Предлагаемая исследованиями общественного мнения проблематика подчинена политическим интересам, и это очень сильно сказывается одновременно и на значении ответов, и на значении, которое придается публикации результатов. Зондаж общественного мнения в сегодняшнем виде — это инструмент политического действия; его, возможно, самая важная функция состоит во внушении иллюзии, что существует общественное мнение как императив, получаемый исключительно путем сложения индивидуальных мнений; и во внедрении идеи, что существует нечто вроде среднего арифметического мнений или среднее мнение. «Общественное мнение», демонстрируемое на первых страницах газет в виде процентов («60% французов одобрительно относятся к…») есть попросту чистейший артефакт. Его назначение — скрывать то, что состояние общественного мнения в данный момент суть система сил, напряжений и что нет ничего более неадекватного, чем выражать состояние общественного мнения через процентное отношение.
Известно, что любое использование силы сопровождается дискурсом, нацеленным на легитимацию силы того, кто ее применяет. Можно даже сказать, что суть любого отношения сил состоит в проявлении всей своей силы только в той мере, в какой это отношение как таковое остается сокрытым. Проще говоря, политик — это тот, кто говорит: «Бог с нами». Эквивалентом выражения «Бог с нами» сегодня стало «Общественное мнение с нами». Таков фундаментальный эффект опросов общественного мнения: утвердить мысль о существовании единодушного общественного мнения, т. е. легитимировать определенную политику и закрепить отношения сил, на которых она основана или которые делают ее возможной.
Высказав с самого начала то, что хотел сказать в заключении, я постараюсь хотя бы в общем виде обозначить те приемы, с помощью которых достигается эффект консенсуса.

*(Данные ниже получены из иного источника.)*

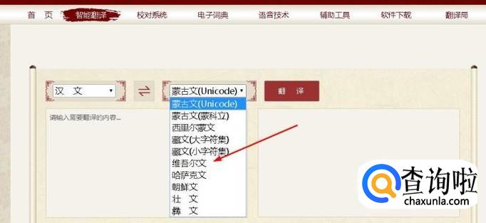 进入智能翻译后,选择需要将汉语翻译成所需的语言,如下图所示,我们选择“维吾尔文”即可。

Первый прием, отправной точкой имеющий постулат, по которому все люди должны иметь мнение, состоит в игнорировании позиции «отказ от ответа». Например, вы спрашиваете: «Одобряете ли Вы правительство Помпиду?» В результате регистрируете: 20% — «да», 50% — «нет», 30% — «нет ответа». Можно сказать: «Доля людей, не одобряющих правительство, превосходит долю тех, кто его одобряет, и в остатке 30% не ответивших». Но можно и пересчитать проценты «одобряющих» и «не одобряющих», исключив «не ответивших». Этот простой выбор становится теоретическим приемом фантастической значимости, о чем я и хотел бы немного порассуждать.
Исключить «не ответивших» значит сделать то же самое, что делается на выборах при подсчете голосов, когда встречаются пустые, незаполненные бюллетени: это означает навязывание опросам общественного мнения скрытой философии голосования. Если присмотреться повнимательнее, обнаруживается, что процент не дающих ответа на вопросы анкеты выше в целом среди женщин, нежели среди мужчин, и что разница на этот счет тем существеннее, чем более задаваемые вопросы оказываются собственно политическими. Еще одно наблюдение: чем теснее вопрос анкеты связан с проблемами знания и познания, тем больше расхождение в доле «не ответивших» между более образованными и менее образованными. И наоборот, когда вопросы касаются этических проблем, например, «Нужно ли быть строгими с детьми?», процент лиц, не дающих на них ответа, слабо варьирует в зависимости от уровня образования респондентов. Следующее наблюдение: чем сильнее вопрос затрагивает конфликтогенные проблемы, касается узла противоречий (как с вопросом о событиях в Чехословакии для голосующих за коммунистов), чем больше напряжения порождает вопрос для какой-либо конкретной категории людей, тем чаще среди них будут встречаться «не ответившие». Следовательно, простой анализ статистических данных о «не ответивших» дает информацию о значении этого вопроса, а также о рассматриваемой категории респондентов. При этом информация определяется как предполагаемая в отношении этой категории вероятность иметь мнение и как условная вероятность иметь благоприятное или неблагоприятное мнение.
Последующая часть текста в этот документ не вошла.